**Records to process**
::::

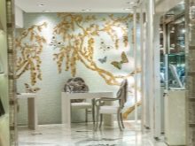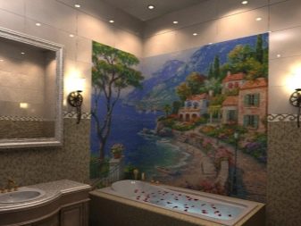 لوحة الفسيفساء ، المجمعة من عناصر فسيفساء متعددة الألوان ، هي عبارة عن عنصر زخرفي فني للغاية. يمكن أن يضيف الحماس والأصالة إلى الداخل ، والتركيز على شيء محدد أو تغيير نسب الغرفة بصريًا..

::::

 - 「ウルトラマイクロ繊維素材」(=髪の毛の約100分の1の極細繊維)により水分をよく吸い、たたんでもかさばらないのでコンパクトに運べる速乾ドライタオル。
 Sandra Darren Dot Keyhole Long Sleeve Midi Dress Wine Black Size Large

::::

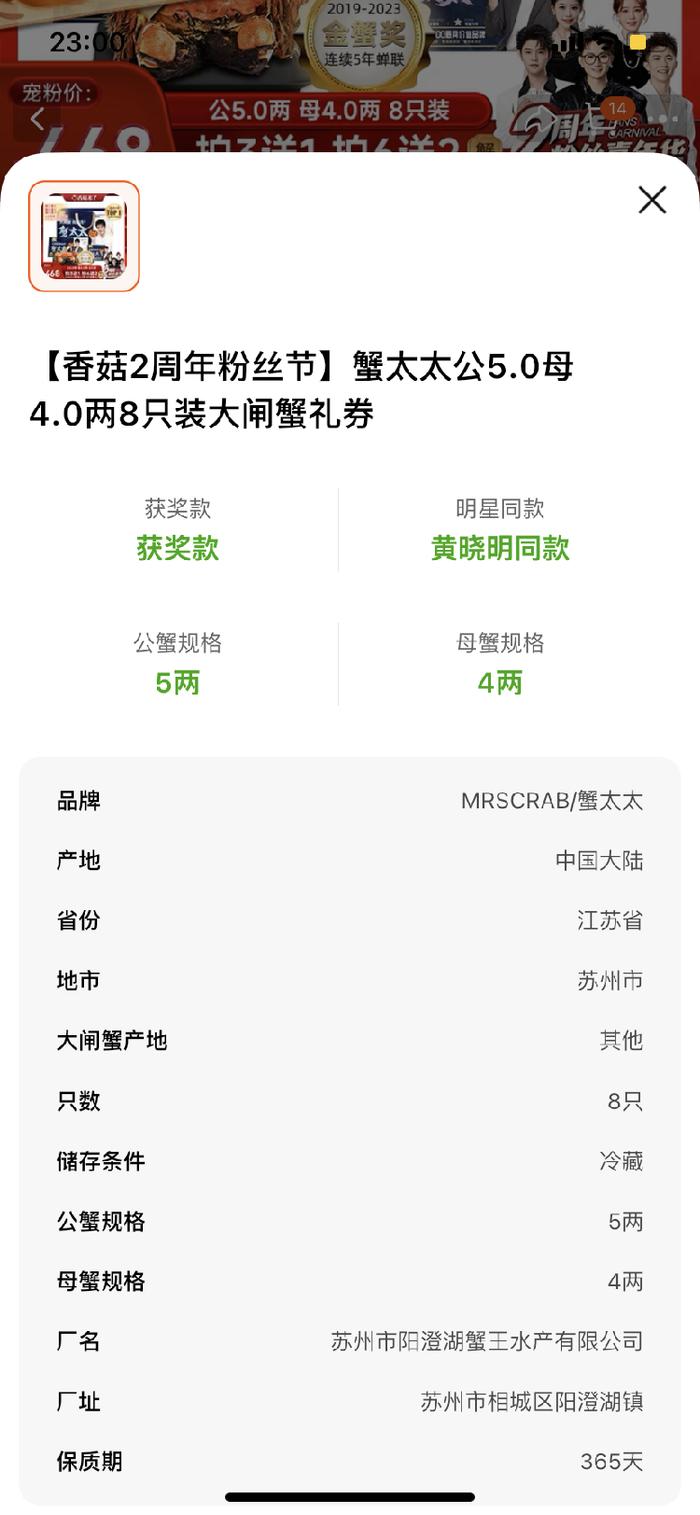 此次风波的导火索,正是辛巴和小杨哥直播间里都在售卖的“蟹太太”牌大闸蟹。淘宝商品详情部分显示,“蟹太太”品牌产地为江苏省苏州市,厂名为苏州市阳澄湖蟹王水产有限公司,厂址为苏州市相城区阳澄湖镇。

::::

**Exercise details**
Of the entries above, transcribe exactly those lines that fall between the line containing "- 「ウルトラマイクロ繊維素" and the line containing "Sandra Darren Dot", together with those two lines.

**Completed task**
 - 「ウルトラマイクロ繊維素材」(=髪の毛の約100分の1の極細繊維)により水分をよく吸い、たたんでもかさばらないのでコンパクトに運べる速乾ドライタオル。
 Sandra Darren Dot Keyhole Long Sleeve Midi Dress Wine Black Size Large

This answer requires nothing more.